The experimental vaccine regimens evaluated in APPROACH are based on "mosaic" vaccines designed to induce immunological responses against a wide variety of HIV subtypes responsible for HIV infections globally. Different HIV subtypes, or clades, predominate in various geographic regions around the world. The National Institute of Allergy and Infectious Diseases (NIAID), part of the National Institutes of Health, funded pre-clinical development of these vaccines. Together with other partners, NIAID supported the APPROACH trial, which is sponsored by Janssen Vaccines & Prevention B.V., part of the Janssen Pharmaceutical Companies of Johnson & Johnson. The manufacture and clinical development of the mosaic vaccines are led by Janssen.

"A safe and effective HIV vaccine would be a powerful tool to reduce new HIV infections worldwide and help bring about a durable end to the HIV/AIDS pandemic," said NIAID Director Anthony S. Fauci, M.D. "By exploring multiple promising avenues of vaccine development research, we expand our opportunities to achieve these goals."

APPROACH involved nearly 400 volunteers in the United States, Rwanda, Uganda, South Africa and Thailand who were randomly assigned to receive one of seven experimental vaccine regimens or a placebo. APPROACH found that different mosaic vaccine regimens were well-tolerated and capable of generating anti-HIV immune responses in healthy, HIV-negative adults. Notably, the vaccine regimen that was most protective in pre-clinical studies in animals elicited among the greatest immune responses in the study participants. However, further research will be needed because the ability to elicit anti-HIV immune responses does not necessarily indicate that a candidate vaccine regimen can prevent HIV acquisition.

According to the researchers, the findings from APPROACH, as well as from animal studies, support further evaluation of a lead candidate regimen in a clinical trial to assess its safety and efficacy. Plans for such a clinical trial to be conducted in southern Africa are in development, with projected enrollment of 2,600 healthy, HIV-negative women. Should the larger trial move forward, it is expected to begin enrollment in late 2017 or early 2018.

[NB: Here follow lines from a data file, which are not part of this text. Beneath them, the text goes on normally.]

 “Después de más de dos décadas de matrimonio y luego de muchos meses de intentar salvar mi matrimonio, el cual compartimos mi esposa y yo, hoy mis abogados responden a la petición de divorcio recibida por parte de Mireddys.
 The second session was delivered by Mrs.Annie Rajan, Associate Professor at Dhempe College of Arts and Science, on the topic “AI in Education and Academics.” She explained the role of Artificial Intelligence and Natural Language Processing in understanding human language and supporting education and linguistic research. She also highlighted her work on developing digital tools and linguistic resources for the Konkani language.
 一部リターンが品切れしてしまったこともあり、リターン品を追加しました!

In APPROACH, study participants received four vaccinations over 48 weeks: two doses of an initial, or "prime," vaccine, followed by two doses of a booster vaccine. The experimental regimens all incorporated the same vaccine components in the prime vaccination, known as Ad26.Mos.HIV. The vaccine uses a strain of common-cold virus (adenovirus serotype 26, or Ad26), engineered so that it does not cause illness, as a vector to deliver three mosaic antigens created from genes from many HIV variants. The booster vaccination included various combinations of the Ad26.Mos.HIV components or a different mosaic component, called MVA-Mosaic, and/or two different doses of clade C HIV gp140 envelope protein containing an aluminum adjuvant to boost immune responses.

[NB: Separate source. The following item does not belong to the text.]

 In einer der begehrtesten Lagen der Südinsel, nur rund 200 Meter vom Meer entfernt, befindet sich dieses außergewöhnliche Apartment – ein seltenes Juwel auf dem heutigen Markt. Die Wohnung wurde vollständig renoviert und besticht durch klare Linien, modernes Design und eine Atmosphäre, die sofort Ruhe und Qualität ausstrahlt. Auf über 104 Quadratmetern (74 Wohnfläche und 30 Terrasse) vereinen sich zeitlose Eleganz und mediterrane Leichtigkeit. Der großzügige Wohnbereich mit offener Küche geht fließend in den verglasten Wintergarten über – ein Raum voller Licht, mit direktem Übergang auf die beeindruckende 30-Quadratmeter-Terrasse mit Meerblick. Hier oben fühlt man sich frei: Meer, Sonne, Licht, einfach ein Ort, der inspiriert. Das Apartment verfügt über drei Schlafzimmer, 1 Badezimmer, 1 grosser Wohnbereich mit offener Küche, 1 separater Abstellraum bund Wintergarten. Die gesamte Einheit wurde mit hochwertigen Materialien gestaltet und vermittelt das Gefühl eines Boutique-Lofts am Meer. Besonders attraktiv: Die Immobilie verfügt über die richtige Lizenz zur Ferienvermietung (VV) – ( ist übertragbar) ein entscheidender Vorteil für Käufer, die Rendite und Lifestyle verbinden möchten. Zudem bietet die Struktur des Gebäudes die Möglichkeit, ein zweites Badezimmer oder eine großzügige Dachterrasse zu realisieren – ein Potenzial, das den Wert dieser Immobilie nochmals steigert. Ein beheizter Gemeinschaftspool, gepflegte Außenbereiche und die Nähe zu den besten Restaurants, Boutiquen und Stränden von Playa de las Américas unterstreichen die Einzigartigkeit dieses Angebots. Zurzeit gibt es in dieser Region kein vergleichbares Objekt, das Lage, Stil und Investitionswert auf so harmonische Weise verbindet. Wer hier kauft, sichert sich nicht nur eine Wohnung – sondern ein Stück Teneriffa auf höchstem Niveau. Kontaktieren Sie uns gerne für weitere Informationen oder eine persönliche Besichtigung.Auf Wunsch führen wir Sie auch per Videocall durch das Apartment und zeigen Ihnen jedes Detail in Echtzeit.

The Ad26-based mosaic vaccines were initially developed by the laboratory of NIAID grantee Dan H. Barouch, M.D., Ph.D., and Janssen. In pre-clinical studies, regimens incorporating these mosaic vaccines protected monkeys against infection with an HIV-like virus called simian human immunodeficiency virus (SHIV). The most effective prime-boost regimen reduced the risk of infection per exposure to SHIV by 94 percent and resulted in 66 percent complete protection after six exposures. Researchers identified and characterized the vaccine-induced immune responses that correlated with this protection.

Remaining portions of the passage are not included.